Рассказывал Короленко о вотяках, их быте, жизни. Заговорили о Столыпинском законе 9 ноября, который Короленко так же, как и отец, не одобрял, так как это разрушало основной принцип «общины» крестьянства. Разговор коснулся Генри Джорджа. Оказалось, что Короленко, когда ездил в Америку, присутствовал на конференции, где выступал Джордж.

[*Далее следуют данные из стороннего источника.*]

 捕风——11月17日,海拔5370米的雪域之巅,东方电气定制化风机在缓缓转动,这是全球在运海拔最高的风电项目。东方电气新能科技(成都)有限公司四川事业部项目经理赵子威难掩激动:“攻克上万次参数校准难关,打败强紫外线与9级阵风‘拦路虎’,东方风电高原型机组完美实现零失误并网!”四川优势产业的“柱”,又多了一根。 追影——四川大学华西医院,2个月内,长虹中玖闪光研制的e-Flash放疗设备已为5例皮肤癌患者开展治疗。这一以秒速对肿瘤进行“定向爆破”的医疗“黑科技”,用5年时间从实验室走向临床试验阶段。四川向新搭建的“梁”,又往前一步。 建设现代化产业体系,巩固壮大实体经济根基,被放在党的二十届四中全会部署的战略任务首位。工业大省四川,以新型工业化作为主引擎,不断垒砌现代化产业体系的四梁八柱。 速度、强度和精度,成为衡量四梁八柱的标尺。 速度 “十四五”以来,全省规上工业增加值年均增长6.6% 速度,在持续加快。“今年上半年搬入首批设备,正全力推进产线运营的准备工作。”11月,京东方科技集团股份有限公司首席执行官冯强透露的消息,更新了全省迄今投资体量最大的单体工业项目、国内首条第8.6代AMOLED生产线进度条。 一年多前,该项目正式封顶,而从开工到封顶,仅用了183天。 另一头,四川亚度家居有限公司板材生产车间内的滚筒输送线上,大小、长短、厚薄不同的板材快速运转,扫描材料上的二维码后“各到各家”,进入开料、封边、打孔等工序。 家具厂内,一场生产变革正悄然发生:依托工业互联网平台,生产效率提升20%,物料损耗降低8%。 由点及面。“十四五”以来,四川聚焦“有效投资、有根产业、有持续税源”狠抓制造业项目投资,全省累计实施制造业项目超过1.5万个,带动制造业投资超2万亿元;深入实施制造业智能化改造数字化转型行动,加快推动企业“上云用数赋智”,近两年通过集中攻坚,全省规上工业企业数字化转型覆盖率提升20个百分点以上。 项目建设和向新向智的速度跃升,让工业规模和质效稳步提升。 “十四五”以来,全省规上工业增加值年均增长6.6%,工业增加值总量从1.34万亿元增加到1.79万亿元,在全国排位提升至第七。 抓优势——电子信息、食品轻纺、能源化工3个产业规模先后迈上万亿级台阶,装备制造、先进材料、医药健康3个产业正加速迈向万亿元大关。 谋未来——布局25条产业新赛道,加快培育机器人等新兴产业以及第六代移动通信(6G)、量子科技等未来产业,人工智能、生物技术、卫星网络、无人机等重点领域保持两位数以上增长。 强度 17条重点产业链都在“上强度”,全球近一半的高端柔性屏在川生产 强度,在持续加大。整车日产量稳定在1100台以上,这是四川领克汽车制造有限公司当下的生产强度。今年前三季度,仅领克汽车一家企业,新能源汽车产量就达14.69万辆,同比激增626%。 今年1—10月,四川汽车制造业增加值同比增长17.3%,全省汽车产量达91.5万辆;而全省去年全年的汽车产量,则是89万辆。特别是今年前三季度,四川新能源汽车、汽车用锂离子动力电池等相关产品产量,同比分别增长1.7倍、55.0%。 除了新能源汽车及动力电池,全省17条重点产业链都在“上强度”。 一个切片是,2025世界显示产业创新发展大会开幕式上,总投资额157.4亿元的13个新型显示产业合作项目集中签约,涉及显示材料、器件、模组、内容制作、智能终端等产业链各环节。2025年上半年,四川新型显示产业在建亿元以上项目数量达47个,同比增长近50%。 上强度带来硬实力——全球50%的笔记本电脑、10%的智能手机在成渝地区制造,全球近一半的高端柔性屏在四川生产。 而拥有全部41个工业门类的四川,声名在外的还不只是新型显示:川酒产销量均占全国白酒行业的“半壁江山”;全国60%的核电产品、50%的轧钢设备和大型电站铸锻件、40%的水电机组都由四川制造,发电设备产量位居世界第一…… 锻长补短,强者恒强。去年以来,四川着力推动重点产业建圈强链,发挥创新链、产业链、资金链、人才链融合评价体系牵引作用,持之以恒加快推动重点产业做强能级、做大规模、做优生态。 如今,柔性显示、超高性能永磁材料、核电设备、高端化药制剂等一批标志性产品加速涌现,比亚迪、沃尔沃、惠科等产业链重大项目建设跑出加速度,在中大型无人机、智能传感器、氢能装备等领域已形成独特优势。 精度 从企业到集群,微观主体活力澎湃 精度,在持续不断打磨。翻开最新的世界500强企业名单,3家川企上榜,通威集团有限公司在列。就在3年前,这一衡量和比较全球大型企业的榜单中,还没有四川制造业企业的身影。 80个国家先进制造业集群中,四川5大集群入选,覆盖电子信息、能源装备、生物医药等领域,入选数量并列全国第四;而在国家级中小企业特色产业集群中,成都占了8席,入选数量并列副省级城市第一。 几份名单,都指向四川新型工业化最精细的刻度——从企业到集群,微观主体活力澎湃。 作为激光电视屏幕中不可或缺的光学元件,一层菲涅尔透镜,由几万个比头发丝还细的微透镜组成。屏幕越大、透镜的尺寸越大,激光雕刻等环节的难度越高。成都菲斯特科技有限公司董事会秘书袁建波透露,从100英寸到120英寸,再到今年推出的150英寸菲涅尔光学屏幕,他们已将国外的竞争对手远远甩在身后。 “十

Утром я возила Короленко к Черткову. Дорогой я поняла из намеков Короленки, что моя мать говорила с ним о своих горестях, осуждая отца и
Черткова, и хотя мне было очень тяжело говорить с чужим мне человеком, но я должна была осветить ему истинное положение. Кое–что рассказал ему Чертков. «Ну, теперь я еще больше убедился, что Л. Н. дуб, который выдерживает все и не сломается. А я‑то воображал, что он живет в такой счастливой обстановке, что малейшим противоречием его боятся потревожить. Я всегда слышал, что Л. Н. не терпит возражений и боялся высказывать свои взгляды, — теперь я вижу его терпимость».

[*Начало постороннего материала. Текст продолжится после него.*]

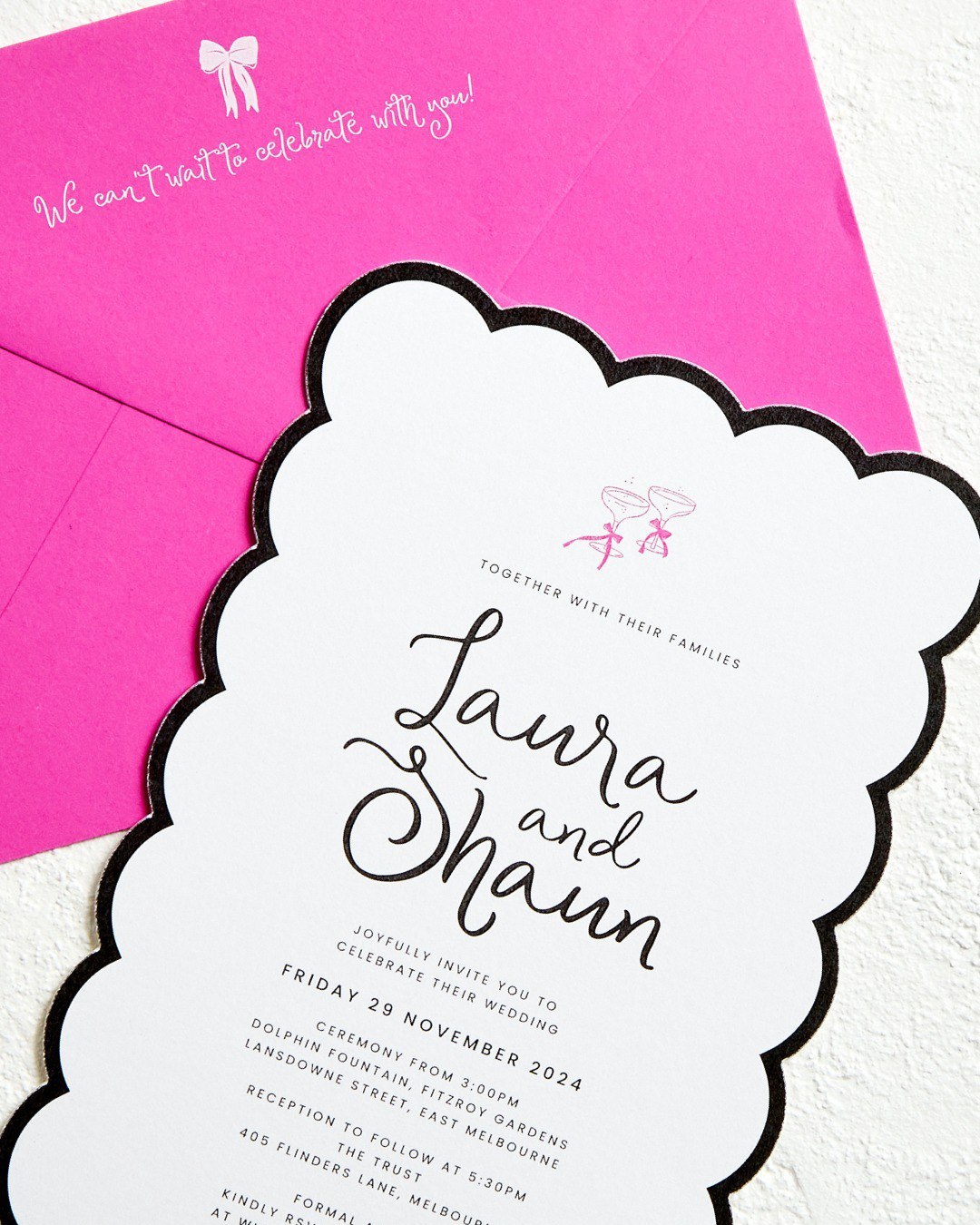 These creative wedding invitations are perfect for stylish celebrations with a 'creative black tie' dress code, held in an art gallery or a modern loft. They make it clear this is not a traditional wedding. You can expect personality, surprises and a celebration that puts joy and being yourself first. For the right couple, these bold, playful invitations do more than announce a wedding. They set the mood, promise a party and promise guests an experience they will never forget.

7 августа отец записал в интимном дневнике:
«Беседа с Короленко. Умный и хороший человек, но весь под суеверием науки».
Оглядываясь назад, я знаю, что во многом недостойно, несмотря на пример кротости и терпения, который наблюдала ежечасно в отце, несла ту тяжесть, которая выпала на мою долю.

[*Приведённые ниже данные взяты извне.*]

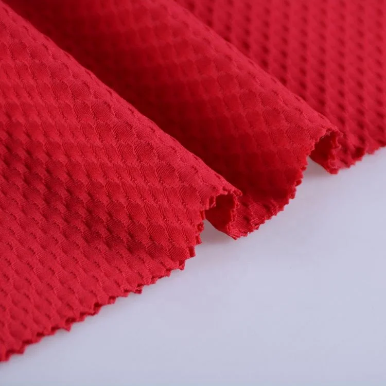 Китайские поставщики уток трикотаж Красный окрашенный 98 полиэстер 2 спандекс ромб жаккардовая ткань для одежды

Когда снова приехала Таня за отцом, чтобы, как это было предписано врачами, разлучить его с матерью, мать заявила, что поедет с нами. Я возмутилась. «Мама больная, — сказал мне отец, — ее надо жалеть, я чувствую себя готовым сделать все, что она хочет, не ехать к Тане, и до конца ее жизни быть ей сестрой милосердия». Я не стала слушать, сказала, что не чувствую возможности быть сестрой милосердия, и вышла. «К чему предписания врачей, семейные советы, поездки к Тане, — думала я, — ничего не изменится, отец погибнет»… Но я мучилась, что своей нетерпимостью огорчила его, и вечером пошла к нему в кабинет. Он лежал на диване с книжкой и не видал, кто вошел. Я подошла, поцеловала его в голову — «Прости меня»… Мы оба заплакали и он несколько раз повторил: «Как я рад, как я рад, мне было тяжело».